Reasons to Avoid Riding Motorcycles: Warnings from an EMT

Before anything else, let’s get one thing straight here: no one has the right to tell you not to ride a motorcycle. We understand the feeling of freedom that riding a motorcycle can bring, and it’s a much more exhilarating ride than driving a box with wheels. We get it. But you better make sure you have affordable motorcycle insurance, because riding a bike can be pretty risky.

In terms of per vehicle mile traveled, you’re 29 times more likely to die in a crash on a motorcycle than if you’re a passenger in a car.

Here are some facts of life that you should be aware of if you’re contemplating the prospect of learning to ride a motorcycle:

  1. A flat tire will be a catastrophe. When you get a flat while driving a car, it’s nothing but an annoyance. You can just pull over the side of the road and begin the tedious task of changing a tire.
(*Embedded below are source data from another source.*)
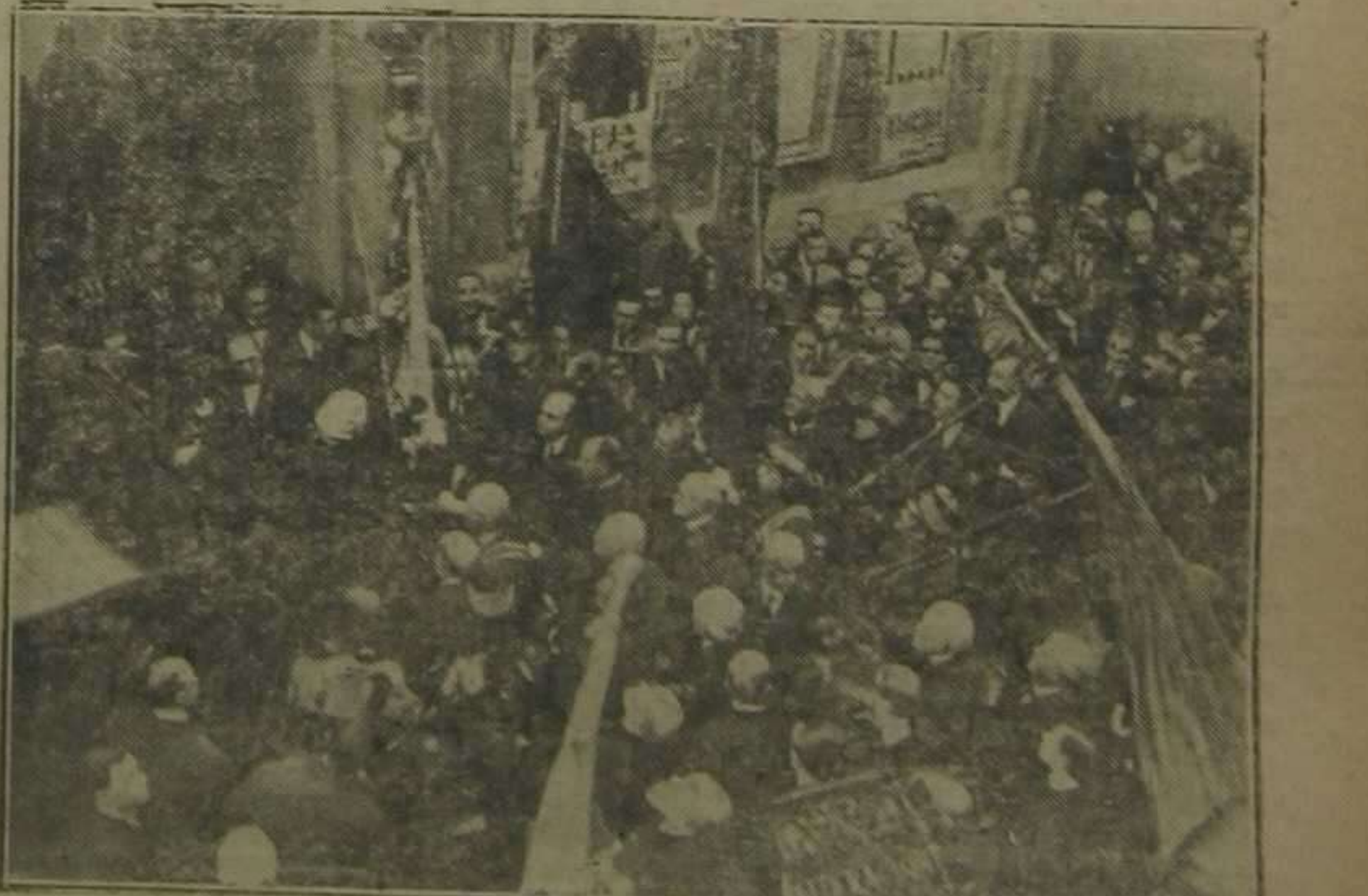
Llegada de la "Senyera" a las Casas Consistoriales.

Ambas banderas saludaron a la enseña del Conquistador, mientras timbales y clarines dejaban oír los acordes de la Marcha de la Ciudad.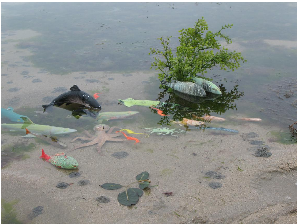
1- Aquarium, 2009 © Denis Bulot - Adagp

Après avoir mené une recherche picturale et sculpturale d'inspiration végétale à dominante fluorescente (1975-1982), Denis Bulot s'oriente, dès 1982, vers les installations sauvages en milieux naturels. Ces événements-performances sont un dialogue avec la nature et le paysage , un voyage ludique sur l'eau, dans le ciel, sur terre, à l'écoute du temps qui vient.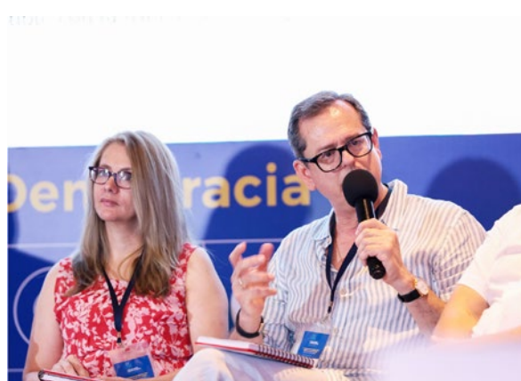
Instancias de diálogo y laboratorios en los encuentros de debate realizados en los Centros de Formación de AECID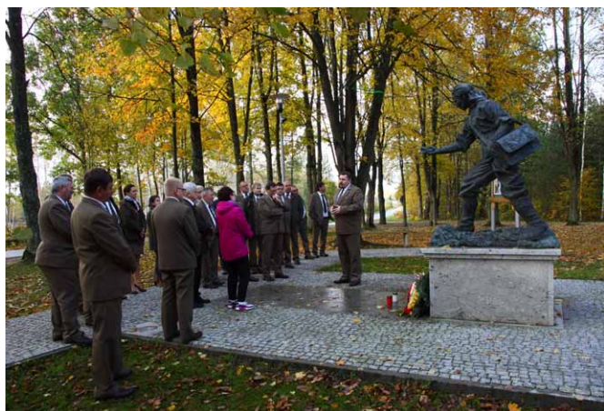
Rada pod pomnikiem INKI

rami gradacji kornika drukarza, jej skutkami a także z prowadzonymi odnowieniami naturalnymi na terenie nadleśnictwa.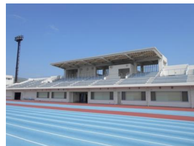
運動公園陸上競技場（スタンド棟）

競技場内には、1,000 席の観客席があるスタンド棟と、正確な計測を行うための写真判定棟があります。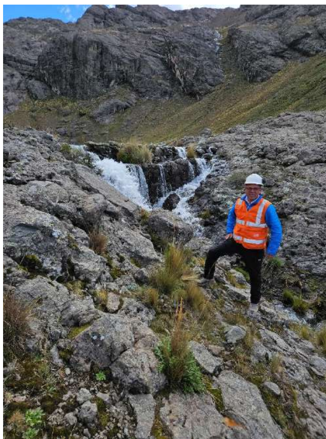
Figura N° 17: paramento aguas arriba de la presa Urcuncocha.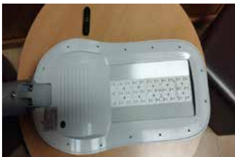
Szabadság tér, Kossuth, Arany János, József Attila, Ady Endre és Jókai Mór utcák közvilágításának korszerűsítése a napokban elkezdődik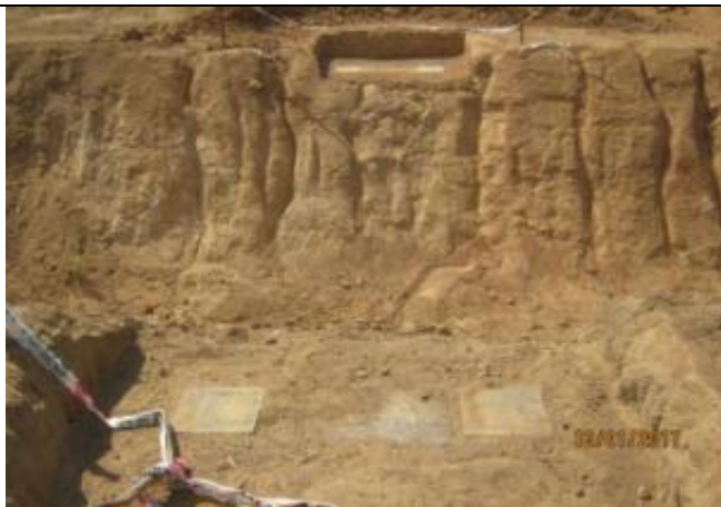
Hormigonado fundaciones e instalación placas de apoyo, pasarela ganado, Km 21,250.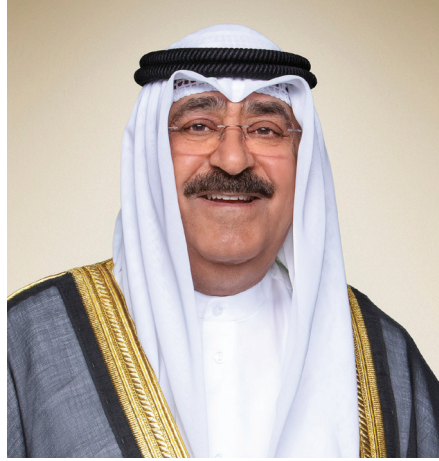
سمو الشيخ/ مشعل الأحمد الجابر الصباح ولي عهد دولة الكويت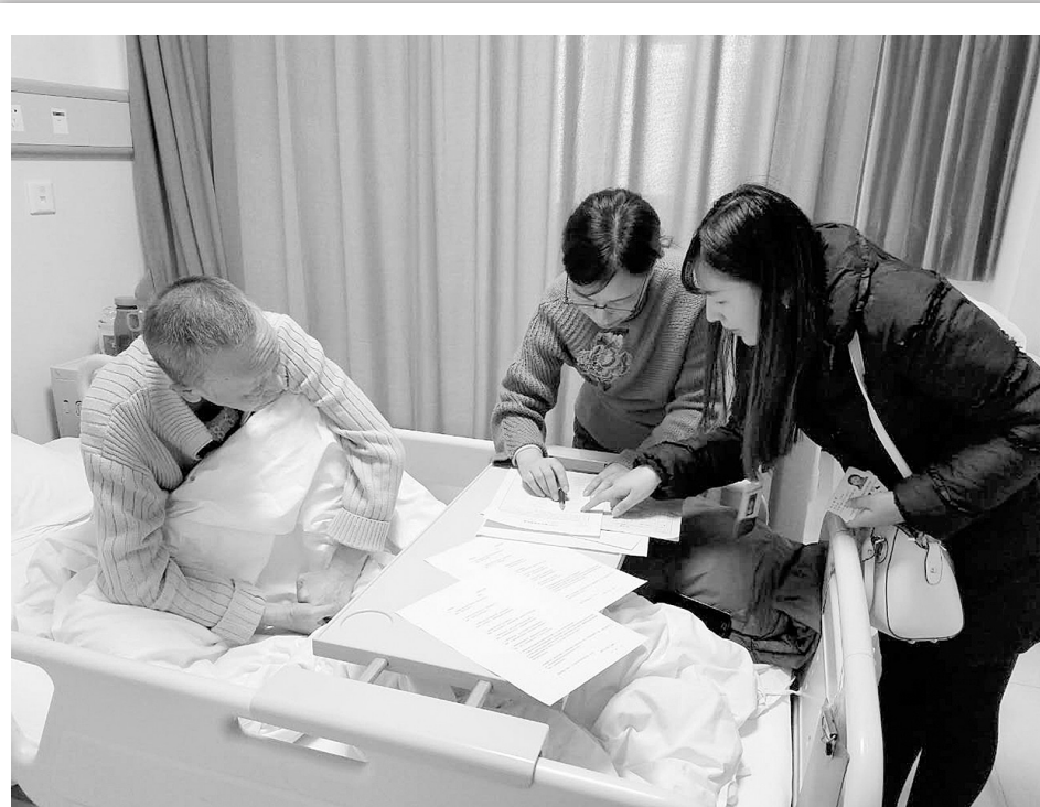
为满足特殊群众的业务办理需求,近日,郑州市不动产登记中心二七分中心为老、弱、病、残、孕等行动不便群众主动提供上门服务。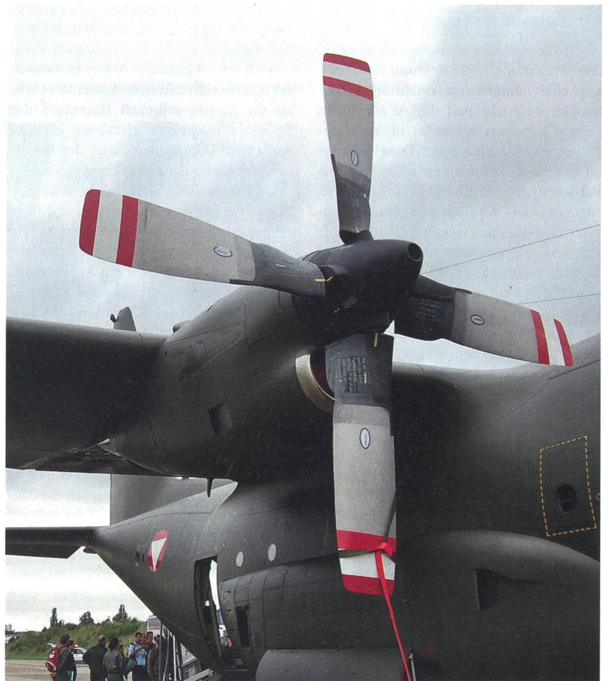
Internationale Luft in Dübendorf: Ein Eindruck von der mächtigen Hercules C-130K.

NATO Partnerschaft für den Frieden (Partnership for Peace PfP), 1994 eingerichtet. Die Schweiz ist seit 1997 mit einem individuellen PfP-Programm beteiligt (ohne Beistandspflicht für Nato-Einsätze).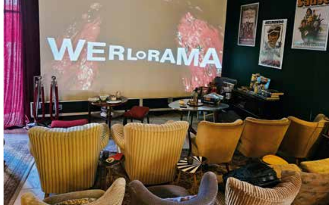
Die Leinwand ist mobil und beweglich, die Sitze im Retro-Stil.

Von der Grundidee her sollte das Werlorama etwas Familiäres verkörpern. Während der Vorstellung soll niemand in die Jacke schlüpfen und vorzeitig gehen. „Im besten Fall sollen die Zuschauer nach der Vorstellung sitzen bleiben, über den Film sprechen und etwas trinken. Manchmal mache ich auch ein Quiz mit Fragen zum Film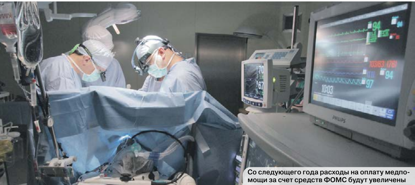
Со следующего года расходы на оплату медпомощи за счет средств ФОМС будут увеличены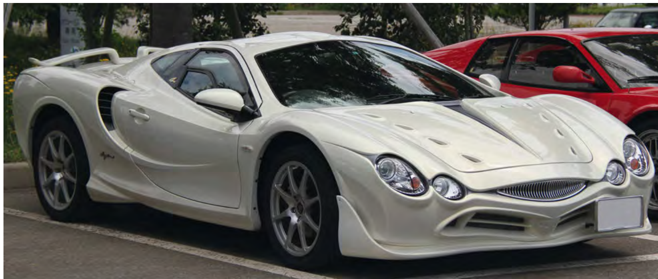
Kõledalt orosi tuulelt nime saanud Jaapani sportauto Mitsuoaka Orochi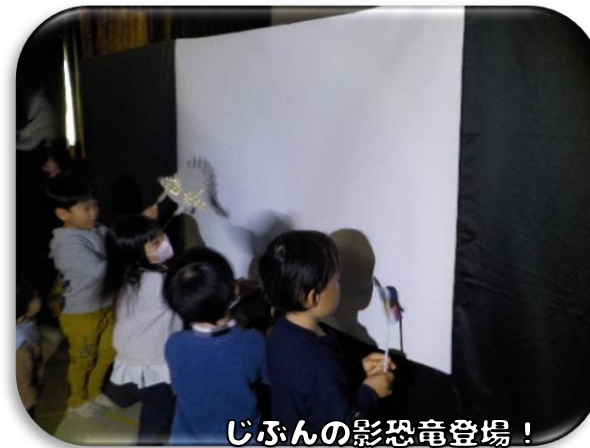
じぶんの影恐竜登場！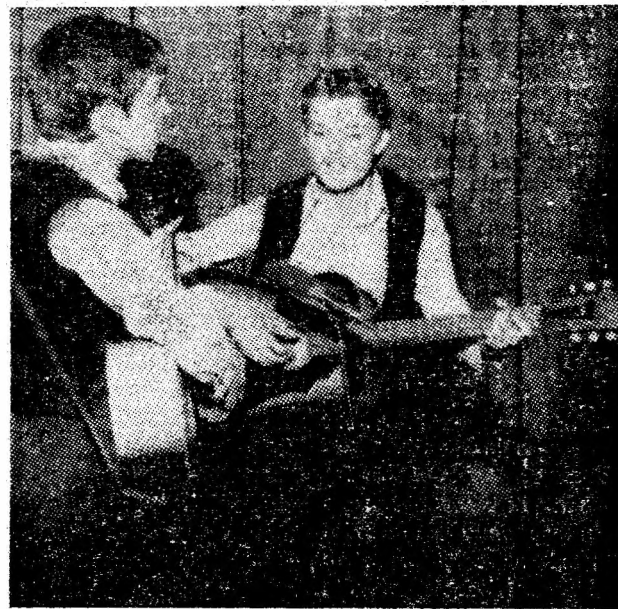
Muzica folk își găsește tot mai mulți adepți și în rîndul tinerilor din municipiul nostru.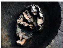
第 2 号方形周溝墓出土遺物検出状況

平成 28 年 1 月から 3 月にかけて新設道路予定地の発掘調査を実施しました。調査面積 1,400 m 2 の範囲において、弥生時代中期から古墳時代前期にわたる住居跡 6 軒、方形周溝墓 2 基、室町から江戸時代にかけての溝跡が複数確認されました。そのうち方形周溝墓はいずれも全体の 50% 以上の規模で、2 基とも 20 m 程度の大きさをもつ墓でした。残念ながら、被葬者が埋葬されていた主体部は確認されませんでした。周溝に転落した弥生土器片が多量に検出され、土器の特徴から時期判断できる重要な発見となりました。（腰塚）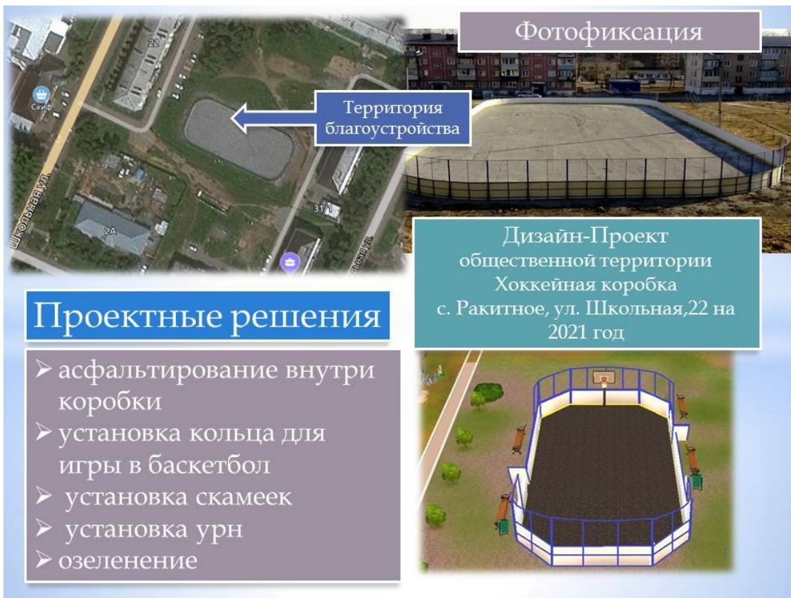
Дизайн-проект благоустройства общественной территории Хоккейная коробка с. Ракитное, ул. Школьная, 22 на 2021 год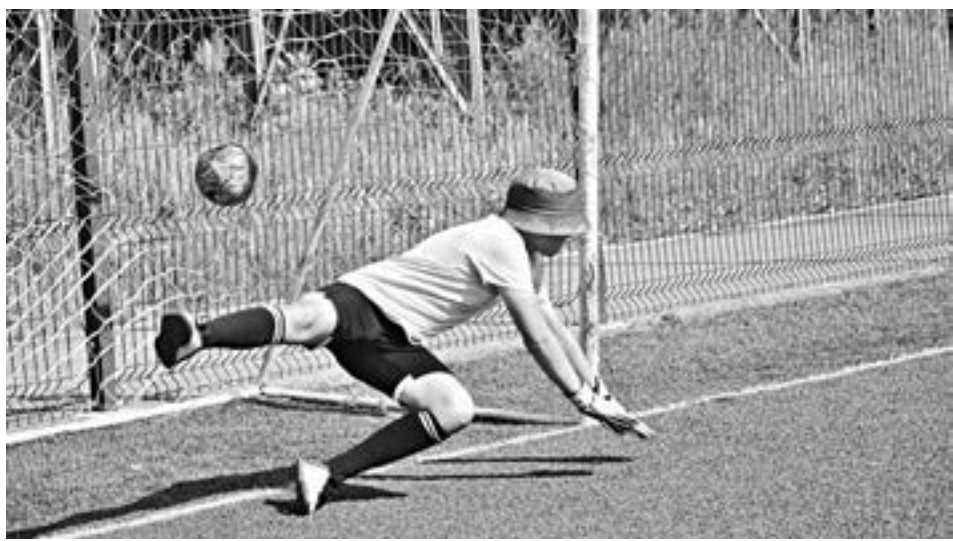
Тренируются юные футболисты.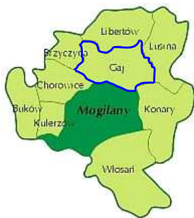
Rysunek 2 – Podział Gminy Mogilany na sołectwa.

Powierzchnia całej Gminy Mogilany wynosi 4371.3560 ha, natomiast powierzchnia miejscowości Gaj wynosi 500.7186 ha, co stanowi 11,45% ogólnej powierzchni Gminy.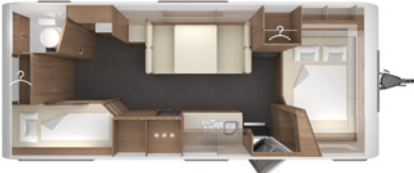
SENARA 620 DMK 2,5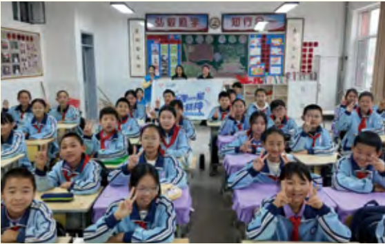
在和林格尔县第五小学作宣讲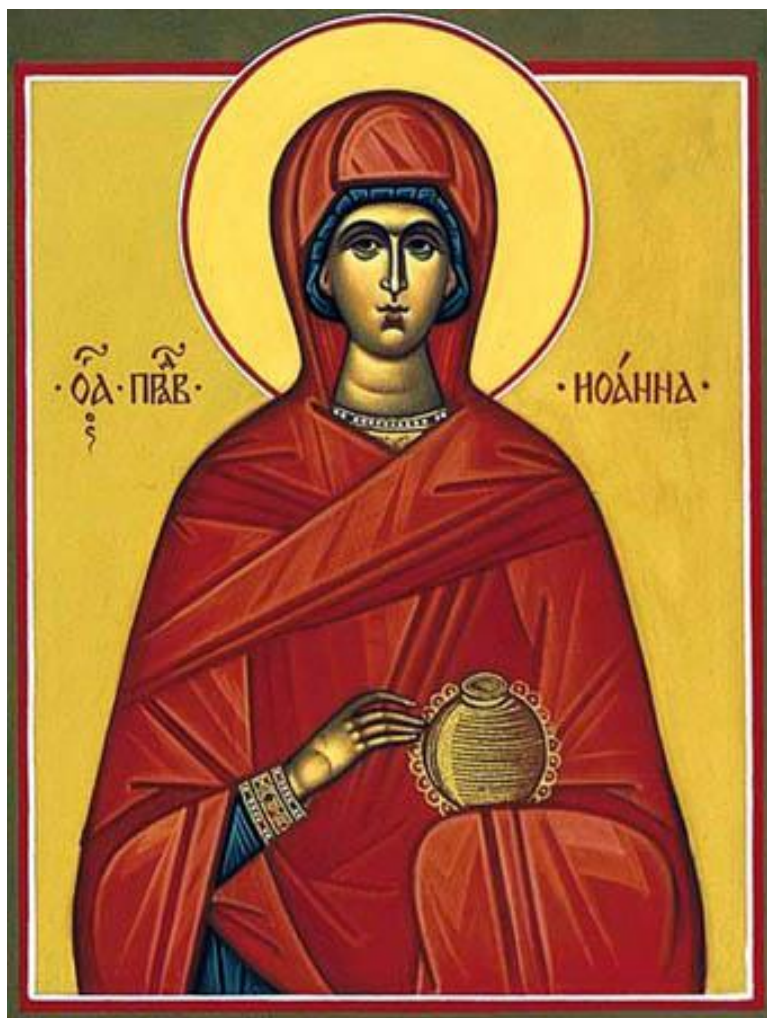
Икона «Иоанна Мироносица»

Святая Иоанна Мироносица, супруга Хузы, домоправителя царя Ирода, была одной из жен, следовавших за Господом Иисусом Христом во время Его проповеди, и служила Ему. Вместе с другими женами после Крестной смерти Спасителя святая Иоанна приходила ко Гробу, чтобы помазать миром Святое Тело Господа, и слышала от Ангелов радостную весть о Его славном Воскресении.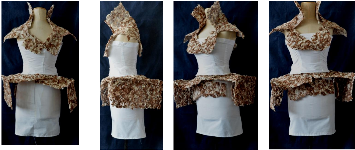
شكل (6) التصميم الثاني من الأمام والخلف والجانبين

حياكة للفستان الأساسي، تنسيل قماش لتحويله إلى شعيرات، تنشية الشعيرات بالغراء والماء لجعلها صلبة شكل (8) وفردتها على هيئة قطع قماش وتترك لتجف ثم تشكل حسب التصميم المطلوب شكل (9) وتثبت قطع القماش التي تم تنفيذه على الفستان بالحياكة، مع تثبيت جزء منها في الجزء السفلي من الفستان بوضع دعامات من الحديد لتثبيتها وجعلها قائمة وتشكيلها بالشكل المطلوب .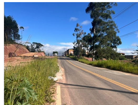
Descrição: Fotografia do fim da pavimentação – Sentido Centro para a BR-267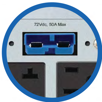
Conector para banco de baterías externo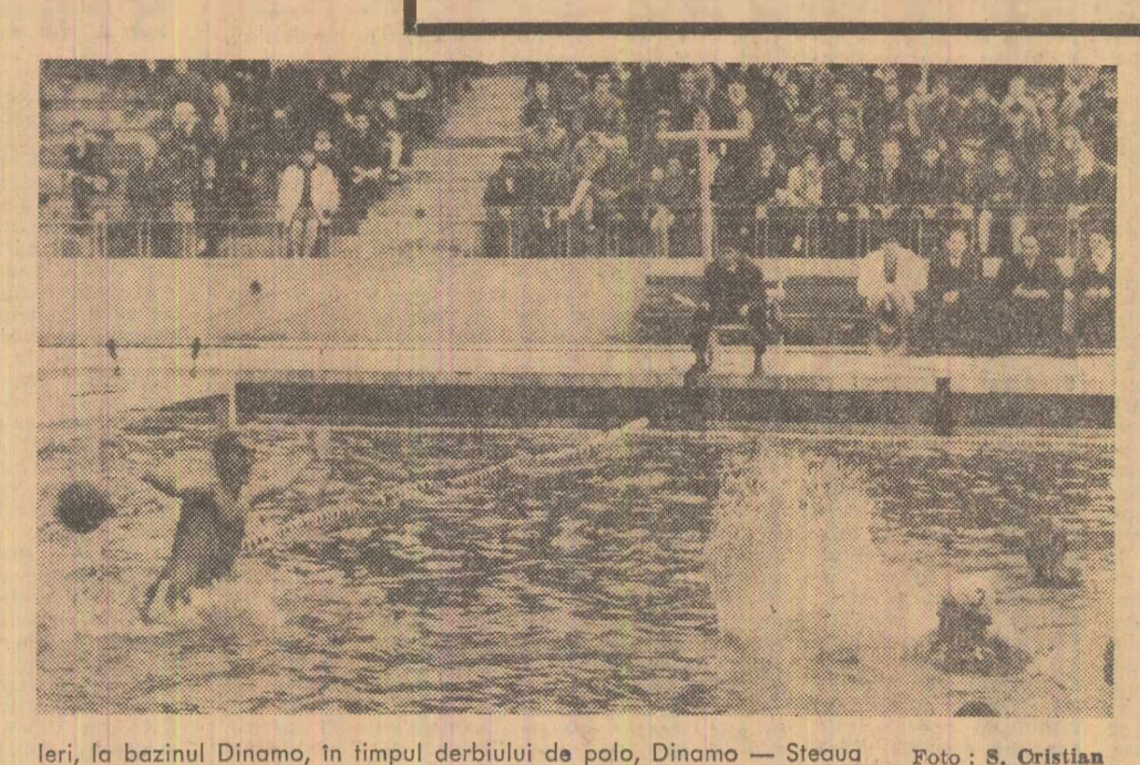
Ieri, la bazinul Dinamo, în timpul derbyului de polo, Dinamo — Steaua

● S-A ÎNCHIEIAT SEZONUL DE CICLISM PE VELODROM (reprezentanții clubului Olimpia București campioni la proba cu antrenament mecanic) ● FOTBAL — Farul Constanța performera etapei: 4-0 cu Dinamo București ● Campionatul republican de rugbi ● Alte știri din țară și de peste hotare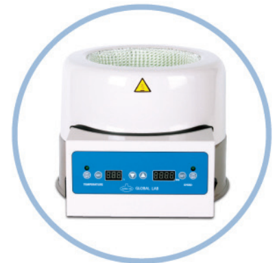
GLHMSD (2l ~5l )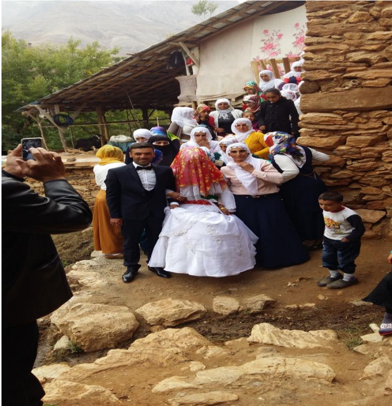
Ek-12: Bölgede Bir Düğün

With a motorcycle, it’s not that simple. The sudden flat will cause you to hurl forward from your bike, and that’s not something you can always walk away from.
  2. The pavement will grate your skin. The result is pretty much the same when you slide on the road. You don’t even have to go that fast and it doesn’t have to be your bare skin. Wear just a t-shirt and when you get into an accident at just 25 mph you can have all the shoulder tissues ripped to the bone. Then every loose piece of debris on the road gets in your wound and all these things will have to be painstakingly removed.
  3. You really don’t want to hit an animal on the road. When you’re in a car you’re protected by seatbelts, airbags, and crumple zones when you hit a deer crossing a road. On a motorcycle, you just have a helmet and some people are even stupid enough not to wear one.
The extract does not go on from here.